Well-known for both her strong fiscal and social conservatism, and for her tendency to engage in hyperbolic rhetoric, Bachmann quickly became a prominent and polarizing national political figure. During the hotly contested presidential campaign of 2008, Bachmann declared on national television that Democratic candidate Barack Obama held "anti-American views" and seemed to suggest that such views were widespread among Democrats in Congress and ought to be investigated. "I wish the American media would take a great look," she said, " at the views of people in Congress and find out are they pro-America, or anti-America. I think people would love to see an exposé like that." Liberals and Democrats decried what they saw as an implicit McCarthyism in Bachmann's statements, but her harsh words won her more fervent support on the right. Once Obama took office in 2009, Bachmann became one of his most outspoken opponents in Congress.
2012 GOP Race
In 2010, long since having become a darling of the GOP's conservative base, Bachmann originated the Tea Party Caucus in Congress. While she was passed over that year in her bid for a position in the Republican congressional leadership, she maintained her status as a popular national leader on the American right, and prepared for a potential presidential run in 2012. "I think what this has changed is the grass roots, and what they're looking for. Our phones have been ringing off the hook, our Facebook has been lit up, our donations are pouring in. And people are saying, 'Michele, jump in, we want you to run.'"

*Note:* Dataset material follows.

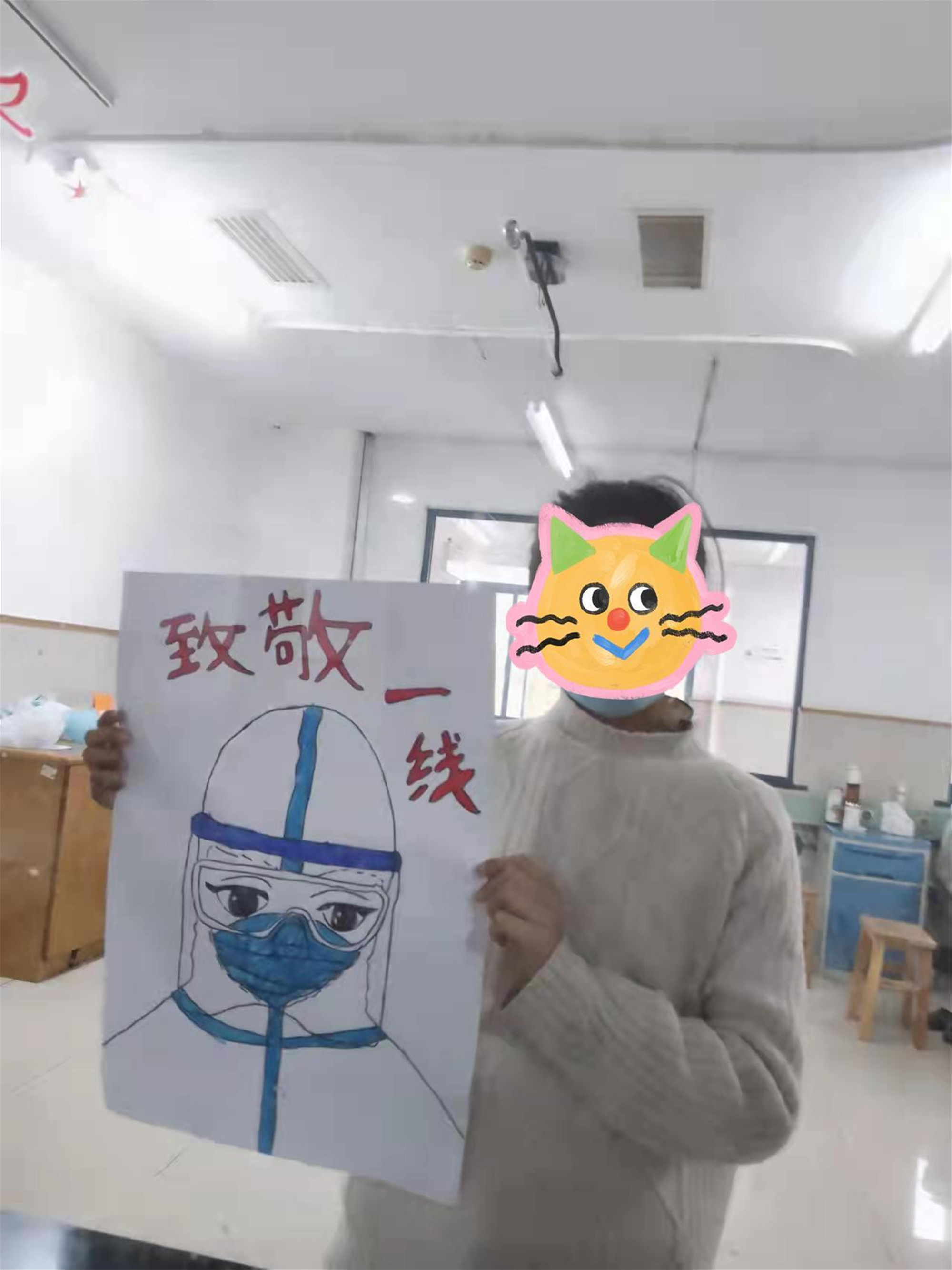 “這是我收到最珍貴的禮物,謝謝叔叔阿姨們,我會(huì)加油的!”原先不愛言語的小吳道出了內(nèi)心深處最樸實(shí)的話語。小姑娘拿起畫筆,為其中的一位護(hù)士阿姨作肖像畫,并寫下:致敬一線。

In June 2011, Bachmann officially announced her candidacy for the Republican nomination for the presidency in Waterloo, Iowa—the town of her birth, which happens to be located in the crucial early caucus state. Refusing, in the early days of her campaign, to attack friends such as Tim Pawlenty and Sarah Palin among the prospective Republican field, Bachmann focused instead on unseating the incumbent president: "This is really a referendum on Barack Obama," she said. "I'm not comparing myself to any other candidate, other than Barack Obama."
Bachmann ended up losing the 2012 presidential bid and in the immediate months after, found herself in a politically vulnerable position. In November, she was able to keep her Minnesota congressional seat but only by a very narrow victory against Democrat Jim Graves.
In May 2013, Bachmann announced that she "will not seek a fifth Congressional term" in a video on her website. "Different than some, I've never considered holding public office to be an occupation," she said. Bachmann has pledged to continue to work hard to advance her "Constitutional Conservative" ideals in her remaining time in office. She also claimed that her decision had nothing to Jim Graves's decision to run again in 2014 and the complaints filed against her presidential campaign with the Federal Election Commission earlier in the year.
Bachmann continued to serve as a prominent conservative voice after leaving office in early 2015, unabashedly expressing her views to more than 250,000 followers on Twitter.
In late December 2017, with Minnesota Senator Al Franken days away from formally resigning over sexual harassment allegations, Bachmann told televangelist Jim Bakker that she was considering running for the seat in the November 2018 special election.
Noting she felt it was important to bring her "biblical principles" to the Senate, Bachmann also revealed her ambivalence toward returning to a high-profile public position. "The question is should it be me? Should it be now? But there's also a price you pay," she said. "And the price is bigger than ever because the swamp is so toxic."